Bu açıdan bakıldığında her Türk'ün hafızasında Orta Asya'dan Orta Doğu ve Balkanlara uzanan -ulusunun inşa ettiği- devletlerin izleri bulunmaktadır. Politik bir söylemin dar ve çoğunlukla ayrıştırıcı kalıplarından başka bir şeydir bu; başka bir şey; yani mahşeri vicdan ve hafızanın derinliklerinde yatan milli kimliği, dilin kelime ve kavramlarını bütünüyle açığa vuran Tanrı'nın koyduğu bir damgadır. Toplum ve birey olmanın, birbirini tanımanın, anlamanın, eşit olarak görebilmenin verdiği bir üstünlük; daha doğrusu üstün bir meziyet. İnsanları eşit görebilmek, insan olmanın ve bir ulusa aidiyet duymanın temel ilkesi...

Hafızalarda yer bulan milli izler tarihin normal akışı içinde kaybolmaz, ama tarihine kültürüne yabancılaşmamak şartıyla… Kendine ve tarihine yabancılaşmanın en önemli göstergesi ise, maziyi şeytanlaştırma veya kutsama, yani, övgü ve yergiler, ifrat ve tefritlerdir.

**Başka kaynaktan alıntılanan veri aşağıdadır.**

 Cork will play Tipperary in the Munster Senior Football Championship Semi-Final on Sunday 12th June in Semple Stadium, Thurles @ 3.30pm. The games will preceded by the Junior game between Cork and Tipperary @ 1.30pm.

Yani, "Osmanlı-perestlikle" anti-Osmanlıcılık aynı kapıya çıkar. Bu iki anlayış "inkârcılığın" iki ayrı koludur, inkârcılığın, yani hakikati örtmenin…

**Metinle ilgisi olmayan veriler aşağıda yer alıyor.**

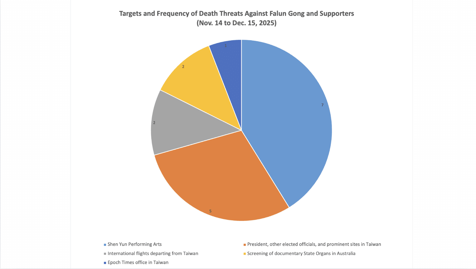 De la mijlocul lunii noiembrie până la jumătatea lunii decembrie 2025, o escaladare susținută a amenințărilor anonime, a schemelor de uzurpare a identității și a acțiunilor de intimidare transfrontalieră a vizat Falun Gong, Shen Yun Performing Arts, organizații media partenere și oficiali. Incidentele s-au extins în Taiwan, Australia și Statele Unite, autorii exploatând în mod repetat sistemele de trimitere de cereri online, conturile de e-mail falsificate și identitățile furate—inclusiv pe cele ale unor politicieni taiwanezi, activiști pentru democrație din străinătate, practicanți Falun Gong și persoane din conducerea persoanelor juridice afiliate Falun Gong.

Türkler'in kurduğu devlet teşkilatlarının altı yüz küsur yıllık bir dönemine "Osmanlı Devleti" diyoruz. Bu dönemde Türkçe'nin adı, devletin kimliğiyle tesmiye olunmuş: Osmanlıca… Ama Türkçe aynı Türkçe, devlet Türkün ruh verdiği devlet: Türkiye… Yani, Devlet-i Aliyye-i Osmaniyye.

Osmanlı Devleti, dünya tarihinin en önemli bölümlerinden birisi, en önemli mirası… Tarihi içinde yer ettiği alan itibarıyla "insan" hikâyesinin önemli bir tamamlayıcı unsuru; bazı noktalarda ta kendisi. Belki bütün bir hikâyenin Osmanlı aynasında yansıması… Zira Orta Asya'dan başlatılan bir muhteşem macera, İranlılar, Romalılar, Araplarla beraber tarihte başka irili ufaklı görünen, ancak -Toynbee'nin fikriyatıyla- her biri önemli ve değerli birikimlerin mirası üzerinden şekillenmiş bir devlet Osmanlı… Ama bu büyük terkibin sahibi Türk'tür; Türk, yani Osmanlı. Ve nihayet, İbn Haldun'un öngörüsü bu devletin üzerinden de doğrulanırcasına Devlet-i Ebed-müddet zamanı geldiğinde tarihe karışmıştır. Tarihe karışmak veya geçmek, kaybolmak değildir; kaybolmak unutulmakla gerçekleşir. Hafızasından silinen her tarihi değer, her kavram milli kimliğin zedelenmesine yol açar.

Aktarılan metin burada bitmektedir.